Ah, the club. Some say the key to the British Raj in India was the club – a bastion of otherness that reminded the ruling class of its lofty position and august responsibilities. Appropriately, the best clubs were at high altitude, in hill stations like Simla in the north, spiked by the majestic Himalayas, or at Ootacamund – “Snooty Ooty” – in the south. What then, the Faculty Club at the University of Toronto, residing resolutely on Willcocks Street not far above sea level?
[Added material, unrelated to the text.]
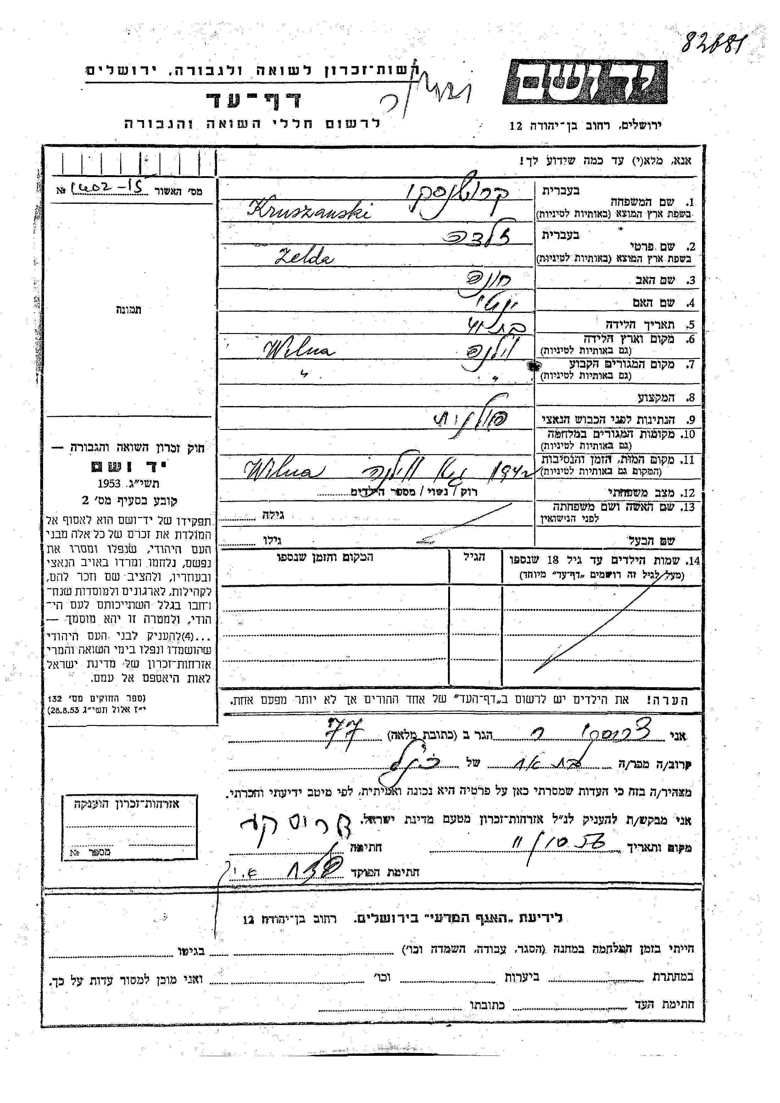 Kruszanski Zelda Wilna, Polen Gedenkblatt

This year the Faculty Club, with a 3,000-strong membership, celebrates its 40th anniversary. And though with its grand, neo-Georgian facade it may look exclusive and remote, inside it is anything but. The building at 41 Willcocks St. dates from the 1880s and was first the home of the sturdily Presbyterian Campbell family. It then served as a Jewish men’s club, the Primrose (to which women were admitted eventually), until it was expropriated in 1959 by U of T and turned over to the Faculty Union to form a club. Until then, the men and women on U of T’s faculty had met separately – the men at Hart House, and the much smaller number of women at the University Women’s Club on St. George Street. But with the prodding of some of the professors, including German scholar Barker Fairley and his wife, Margaret, who offered the club a collection of Group of Seven works on the condition that it welcome women as members, the gender-blind Faculty Club opened its doors in the summer of 1960.
In those days membership fees ranged from a mere $12 to $18, remembers Bill Foulds, club secretary from 1960 until 1983. One of the first things the club’s 12-person board did was obtain a liquor licence. The place was unacceptably dry. The club then got on with the business of providing members with a range of amenities, including a luxury that every harried professor needs: a steam bath. (Alas, the water has long since been turned off.)
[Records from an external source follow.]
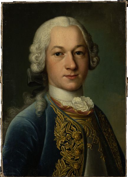 Editor: Here we have Jean-Marc Nattier's "Portrait of the Frankfurt Banker Johann Georg Leerse," painted in 1749 using oil. It's hard to ignore the sheer opulence of his clothing! What can you tell me about the world this portrait inhabits? Curator: This portrait presents a fascinating window into the intersection of wealth and power during the Rococo period. Beyond just opulent clothing, what do you see that hints at the social dynamics at play? Editor: I guess I see a kind of formal reserve. He's clearly wealthy, but there isn’t much expression or emotion. It feels very…controlled. Curator: Precisely! Think about the context. Frankfurt was a major financial center, and this portrait served as a visual representation of Leerse's status. These commissions legitimized status. How do you see that operating now? Do the powerful use portraits or other mediums in the same way today? Editor: Maybe less painted portraits and more carefully curated social media. But the aim is the same – projecting a particular image of success and power. Curator: Exactly. This painting isn't just about Leerse as an individual; it's about solidifying his place within the societal hierarchy of the time. Notice the wig, the tailored coat, the gold details - these are all carefully chosen signifiers. Editor: So, understanding the portrait also means understanding the financial and social structures of 18th-century Frankfurt? Curator: Absolutely. By unpacking the symbolism and considering the social context, we can really start to understand the complex interplay of art, power, and identity that defined that era – and continues to resonate today. Editor: That gives me a lot to think about. Thanks, I'm seeing much more here now than just fancy clothing! Curator: And it underlines how artistic expression and social power always mirror one another in the world.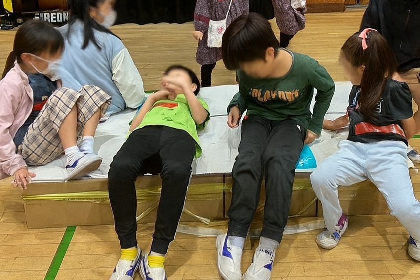 クエストの内容は、防災クイズ、救護担架リレー、段ボールベッドの組み立て競争、火災の煙(訓練用)からの脱出、防災倉庫に保管されている防災備品の名前を使ったビンゴゲームなどなど、どれも地域協働学校の皆さんが工夫を凝らしたものばかり。得点が発表されるたびに子どもたちの歓声が響き、会場は大いに盛り上がりました。今年の勝者は「みかんギルド」でした!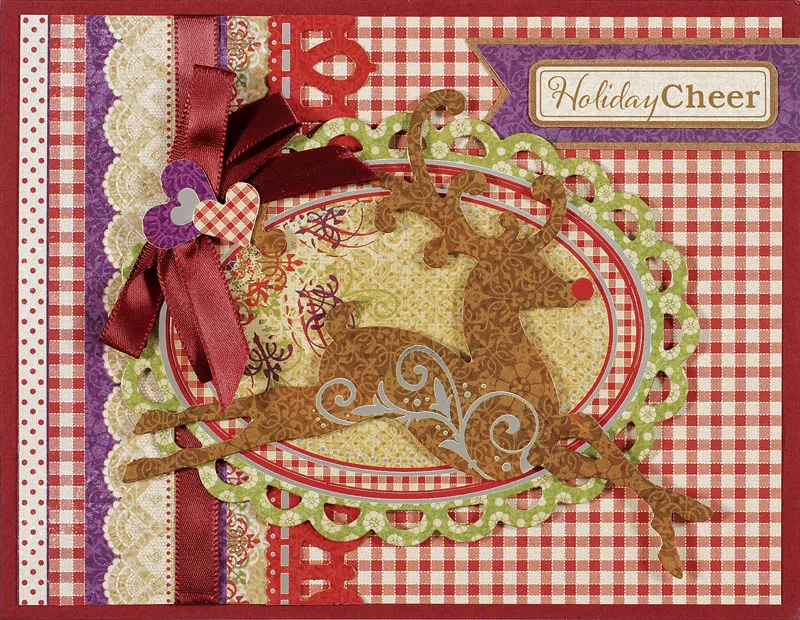 Punch out the Sugar Plum green lacy frame die cut, leaving the oval center intact. Punch out the reindeer, checked heart, and purple heart die cuts and remove the nibs from all the die cuts. Foam tape the oval/frame in the center, then foam tape the reindeer on it as shown. Make a bow with four loops and tie the center with thread. Glue as shown, then glue both hearts to the center.

Forty years onwards, faculty and administrative staff have been joined at the club by alumni. All are welcome to take out a membership for the current unclub-like fee of $300 per year. (For that amount of money in a Pall Mall club in London, you might manage a couple of cold lunches and a jug of house claret.) Belying its name, the Faculty Club reaches far beyond the professoriate. Weddings, bar mitzvahs, retirement parties – the club is the setting for various rites of passage. Included is that ritual known to PhD students as the “Oral Defence Congratulatory Drink.” Once the star chamber of examining professors has been faced (down), and all, including the often dazed candidate, retire for a libation, it is to the Faculty Club they go. Welcome to the club, indeed.
But it is not only long-suffering graduate students who make up the guest list. All sorts of people have come through the doors of the Faculty Club. Sir Peter Ustinov visited once, charming a group of professors with his knowledge of European history – no easy task, even for the flamboyant Ustinov. Sir Edward Heath, former British Conservative prime minister, stopped by for a drink (Chivas Regal). Recently, Michael Burgess of Les Misérables fame sang at the club, but only after having a grand piano delivered to the premises.
Satisfying guests and members alike is a dedicated, family-like staff of 17, led by manager Leanne Pepper. With just six years’ service, Pepper is a veritable rookie compared to Peggy Hopkins, the genial hostess who has worked 18 years at the club, and bar manager Ernie West, a voluble Scotsman with a Methuselah-like 32 years of service. West’s twin, Brian, even more voluble, has seen 20 years behind the club’s bar.
The Faculty Club looks and smells and feels like a club should. Somnolent in the morning, it really begins to come to life in the afternoon when members arrive for lunch in the beautifully appointed main-floor dining room or downstairs in the cosy, wood-panelled pub. In its composition and atmosphere it exemplifies the modern U of T, but with its history and its glorious Group of Seven collection it pays homage to the university’s past. Just like other 40-year-olds, the Faculty Club has seen it all.
Brad Faught (PhD 1996) teaches history at the University of Windsor.